Во II в. на Востоке наблюдается неуклонный упадок городской автономии и возрастающий контроль императорской администрации над городами. Со времени Траяна здесь появляются кураторы, надзиравшие за финансами городов. Наместники входили во все мелочи местной жизни. Интересны в этом смысле письма Плиния Младшего, бывшего наместником Вифинии, к Траяну. Плиний спрашивает, можно ли разрешить городу достроить гимнасий или бани, можно ли допустить, чтобы местные богачи собирали народ на семейные торжества, можно ли дозволить организовать коллегию для тушения пожаров и т. п. Любопытно, что на последний вопрос Траян ответил отрицательно, так как опасался, что новые коллегии дадут возможность народу организоваться в мятежных целях.
В городах малоазийских провинций — Азии, Ликии и Памфилии, Понта и Вифинии, Галатии, Каппадокии — во главе органов самоуправления стояла обычно небольшая группа самых богатых граждан. Народные собрания почти не созывались. Но и у магистратов оставались только почётные титулы и очень мало реальной власти. Всё ещё живучее соперничество городов и боязнь народных волнений заставляли их жертвовать огромные суммы на городское благоустройство и раздачи. Известны пожертвования в 2 млн. денариев. Императоры поощряли такую практику и охотно утверждали почести, которые сограждане присуждали «благодетелю». Это были статуи, почётные декреты, особые места в театре, золотые венки и т. п. Однако уже с середины II в. всё труднее становится найти желающих занять должность магистрата, с которой были связаны большие расходы. Из почести магистратуры становятся постепенно принудительной повинностью. Такие крупные центры, как Смирна, Эфес, Никея, всё ещё славились богатством и великолепием, но общий упадок городов Малой Азии с середины II в. несомненен. В ряде районов Малой Азии городская жизнь вообще развивалась значительно слабее. Во многих местах сохранялась племенная организация; большую роль играла старая аристократия, в частности потомки местных царей, владевшие огромными землями и стадами.

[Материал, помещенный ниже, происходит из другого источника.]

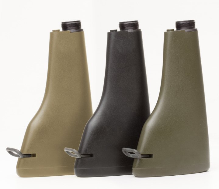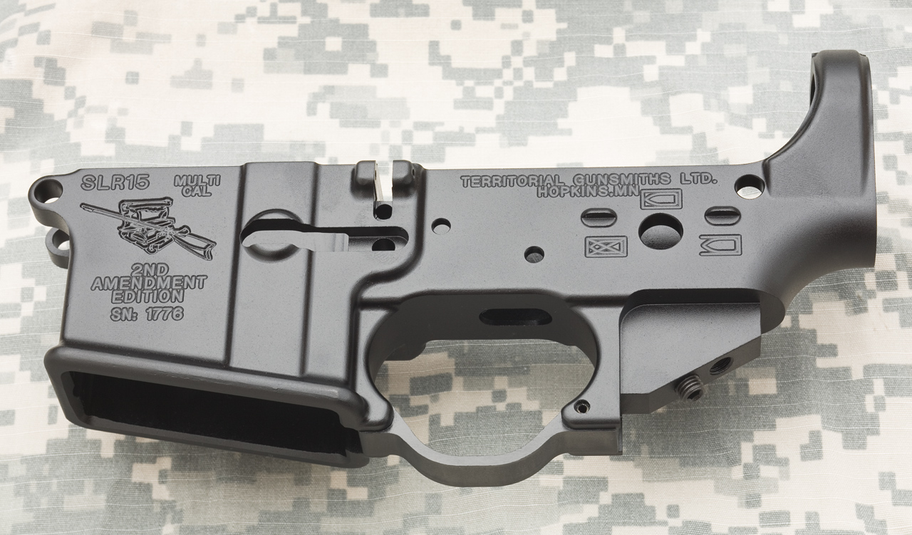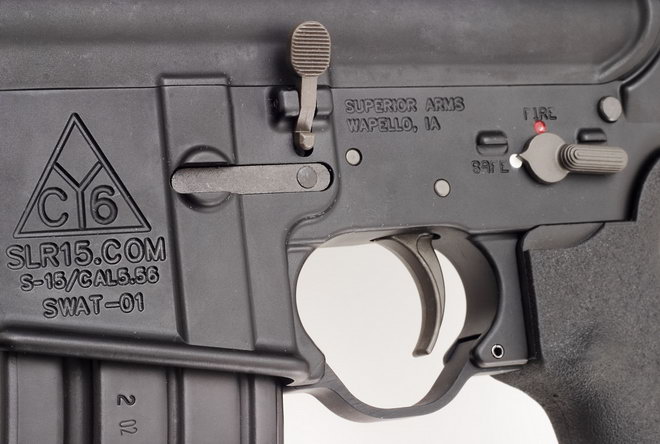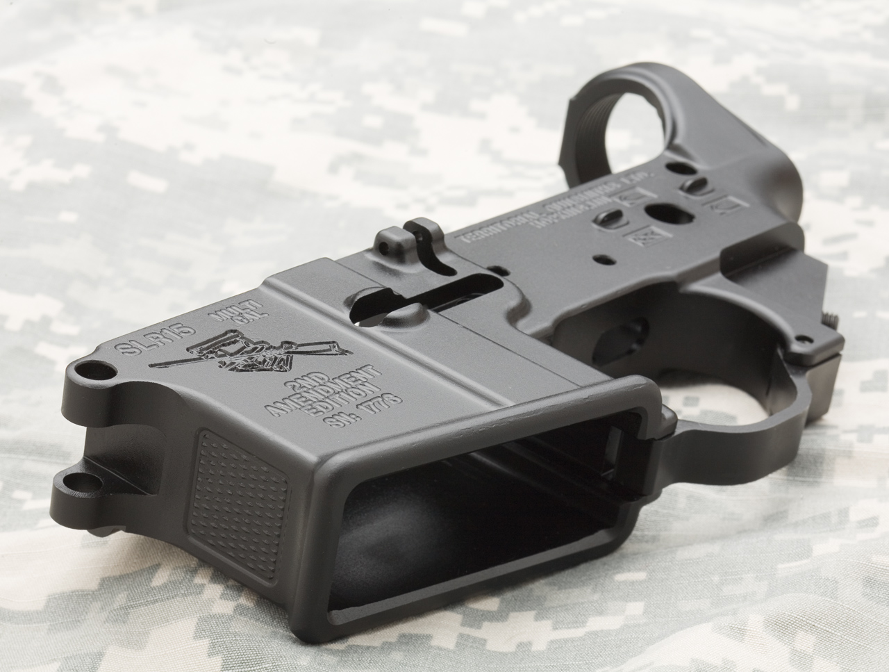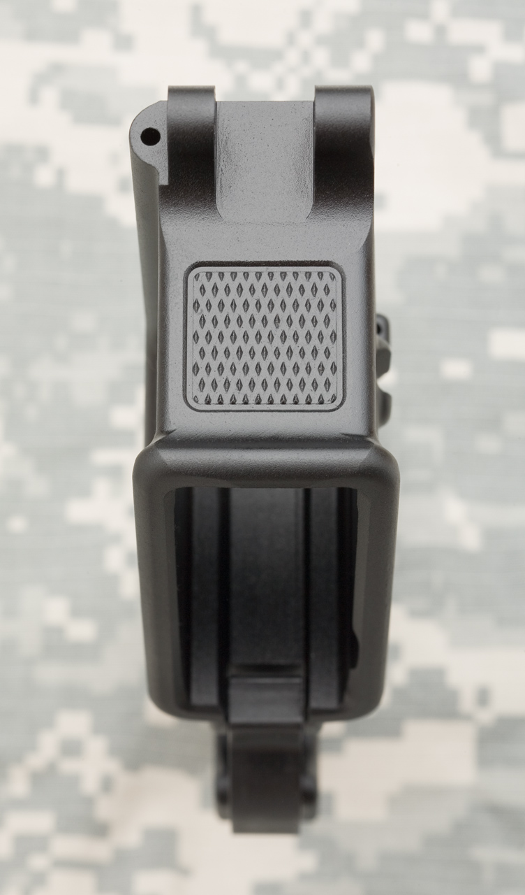 SLR15的下机匣,扩大的扳机护圈和弹匣座前方的防滑纹是其特色,防滑纹的作用是方便辅助手握持弹匣的位置

Но и в областях с большим количеством городов существовало многочисленное крестьянское население, в значительной части превратившееся в арендаторов городских, императорских и частных земель. Многочисленные налоги и повинности разоряли крестьян. Их обнищанию и разложению общины способствовал рост частного землевладения. Иногда местные земледельцы пытались оказывать сопротивление новым земельным собственникам. Нередки были волнения и в городах, направленные против богачей, пытавшихся поднять цены на хлеб. Возникали тайные общества, ставившие себе целью бороться против местной олигархии. Этим и объяснялось нежелание правительства допускать образование новых коллегий, хотя вообще ремесленные коллегии в Малой Азии были довольно многочисленны. Разорённые крестьяне, беглые рабы, городские бедняки создавали отряды, нападавшие на купцов и землевладельцев. Это была типичная для тогдашнего времени форма классовой борьбы, квалифицировавшаяся в римском праве как «разбой». Специальные должностные лица — иренархи — и отряды солдат, созданные для борьбы с «разбойниками», не могли подавить этого движения.
Особое место в империи занимала провинция Ахайя, т. е. Греция. Она находилась в состоянии глубокого упадка. Здесь почти не оставалось крестьянства, за счёт которого в значительной мере осуществлялось развитие других провинций, а рабовладение изжило возможности своего дальнейшего развития в Греции ещё до возникновения империи. Во всём чувствовался полный застой. Города приходили всё в больший упадок. В них господствовали обычно несколько богатейших семей, эксплуатировавших обнищавшую массу. Ярким примером является семья известного софиста, друга императоров, сенатора и богача Герода Аттика, самовластно распоряжавшегося в Афинах, большинство граждан которых были его должниками. По временам в городах происходили волнения в связи с дороговизной или недостатком хлеба.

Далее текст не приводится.